陈珩没有相救的想法,他已经不是刚来到汉末时的他了!
这蝗灾可不仅仅是兖州有,关中、青州还有徐州北边这些地方都有。扬州的粮食再多,也救不了这么多地方的人,陈珩现在只想尽快结束战乱。
这时,刘先开口说道:“主公,兖州曹操遣来使者,已在馆驿等候多日,言道愿以重金购我扬州粮米,以解燃眉之急!”
陈珩头也未抬,只是摆了摆手,语气淡漠:“告诉他,扬州粮秣自给尚显不足,无力外借。让他回去吧,不必带来见我了。”

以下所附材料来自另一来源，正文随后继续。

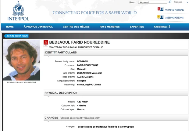 Recherché par Interpol depuis 2014, Farid Bedjaoui a vu une partie de ses avoirs, notamment au Liban, gelés par la police italienne.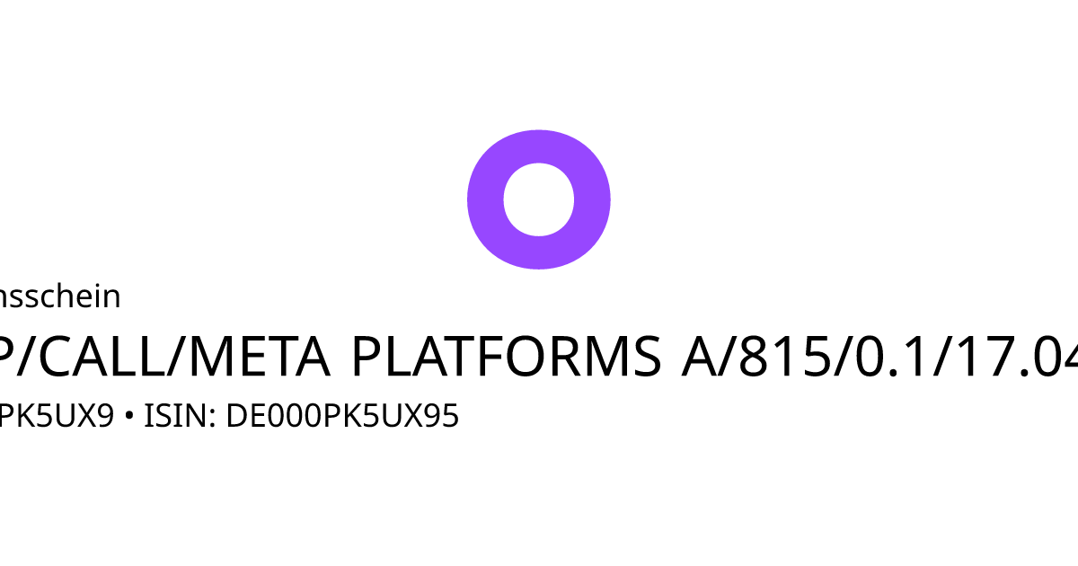 Dieser Optionsschein (Call) bezieht sich auf den Basiswert Meta Platforms Inc. und hat den Fälligkeitstag am 23.04.2026. Es handelt sich um ein Hebelprodukt, d.h. der Anleger partizipiert überproportional an der positiven und negativen Entwicklung des Basiswertes. Der Anleger hat während der Laufzeit ein Ausübungsrecht. Bei Ausübung berechnet sich die Rückzahlung durch die Differenz zwischen dem Kurs des Basiswertes und dem Basispreis bereinigt um das Bezugsverhältnis von 0,10. Am Ende der Laufzeit kommt es zu einer automatischen Ausübung. Liegt der Kurs des Basiswertes dann unterhalb des Basispreises, verfällt das Produkt wertlos.

陈珩随即又看向了沮授:“公与,派去汝南的人怎么样了?前番命你遣人潜入汝南,联络龚都、刘辟,此事进展如何?”
沮授上前一步,恭敬地躬身:“回禀主公,此事已成!龚都、刘辟二人,虽盘踞汝南,拥众近万,然始终名不正言不顺更是受袁术兵马侵扰,处境艰难!”

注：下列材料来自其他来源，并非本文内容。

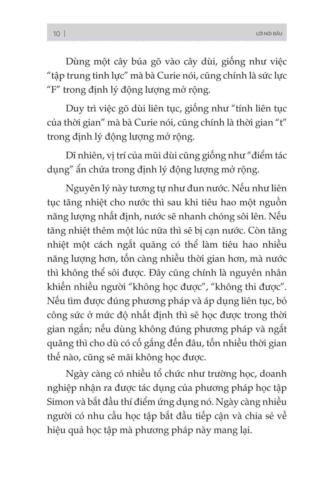 Trong cuốn “Phương pháp Simon - Cách học nhanh, nhớ lâu mọi kiến thức” đã chia sẻ những cách tiếp cận học tập đúng đắn, giúp người đọc có thể tập trung và hiểu được nội dung bài học một cách nhanh chóng hơn, từ cách xây dựng lộ trình học tập, quản lý thời gian cho đến cách nghiên cứu và đánh giá bài kiểm tra, tác giả đều cung cấp cho độc giả những gợi ý và phương pháp thực tiễn bám sát với thực tế chia nhỏ các kiến thức thành các “Chunking” (những điểm kiến thức) khác nhau để dễ dàng ghi nhớ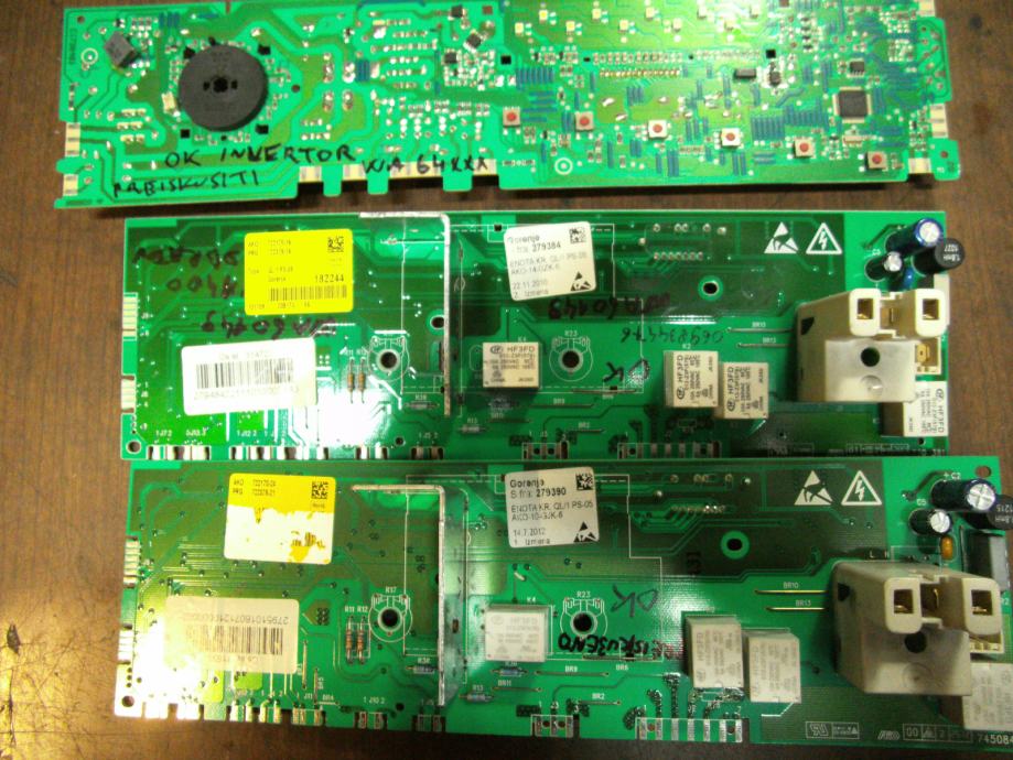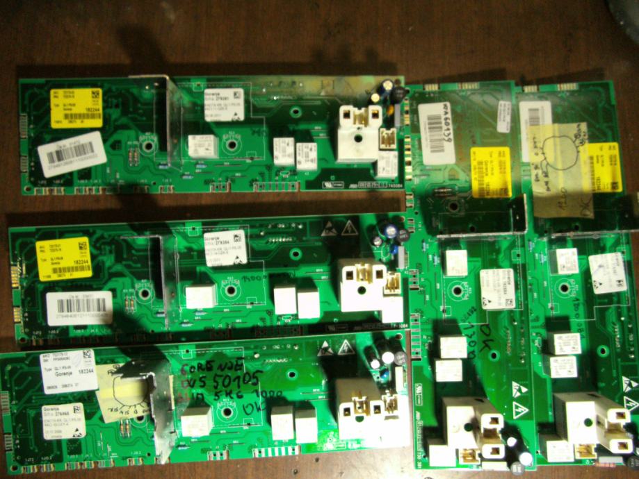 Ispravna elektronika za pralne stroje gorenje, serije, modele in izpeljanke - variante, kot jih vidite na slikah. Cena 20 - 40 eur kos. Znotraj serije strojev, ki so na pogled enaki, imajo pa nekoliko drugačne lastnosti, je mogoče v nekaterih primerih uporabiti tudi elektroniko, ki je na videz enaka, a z drugačno šifro. Tudi menjam ispravno za neispravno, možnost za popravilo elektronike. Prodam tudi elektroniko in druge dele za novejše in starejše stroje gorenje, in drugih znamk, ki niso na slikah. Tel. 041 549 478

“使者陈说利害,言明唯有依附主公,方能得朝廷正名,获钱粮补给,得一稳固前程。二人已应允归降,其部众愿听主公调遣!”
“近万人不错。完夲榊栈 唔错内容”陈珩点了点头,脸上露出了满意的神色,这两人现在的实力还没有历史上那么强大,或者说永远也不会变强大了。
因为陈珩的缘故,袁术现在最重要的地盘就是南阳和豫州,袁术不会容许刘辟等人继续壮大的。不过现在也挺好了,得此二人,汝南便埋下了一颗钉子。

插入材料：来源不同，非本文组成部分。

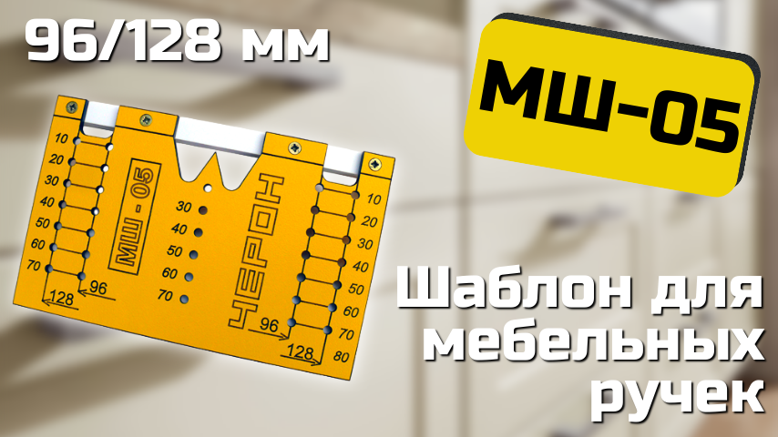 Шаблон для разметки отверстий под мебельные ручки-кнопки и ручки-скобы (96,128,160,192мм )

将来扬州主力西图荆州,北进中原,此地便是一处绝佳的跳板与策应。待日后袁术败亡,凭借此地,或许能在分割豫州之时,多分得一杯羹。
陈珩略带嘲讽地笑了笑,随即神色一正:“既然他们已降,便按之前议定的方案,授予龚都、刘辟校尉之职,首批钱粮军械,务必尽快秘密运抵,助他们稳固势力,暗中整训。告诉他们,暂且隐忍,未得将令,不可轻举妄动。”
“诺!”
处理完此事,陈珩又想起一事,对一旁的别驾刘先说道:“始宗,还有一事关乎根本,需你亲自督办。”
刘先连忙躬身:“请主公示下。”
“你立刻组织人手,赴各郡县,尤其是鄱阳湖、太湖周边良田,仔细筛选。给我找出今年稻穗最长、谷粒最饱满、植株最健壮的稻种,一一记录在册,单独存放。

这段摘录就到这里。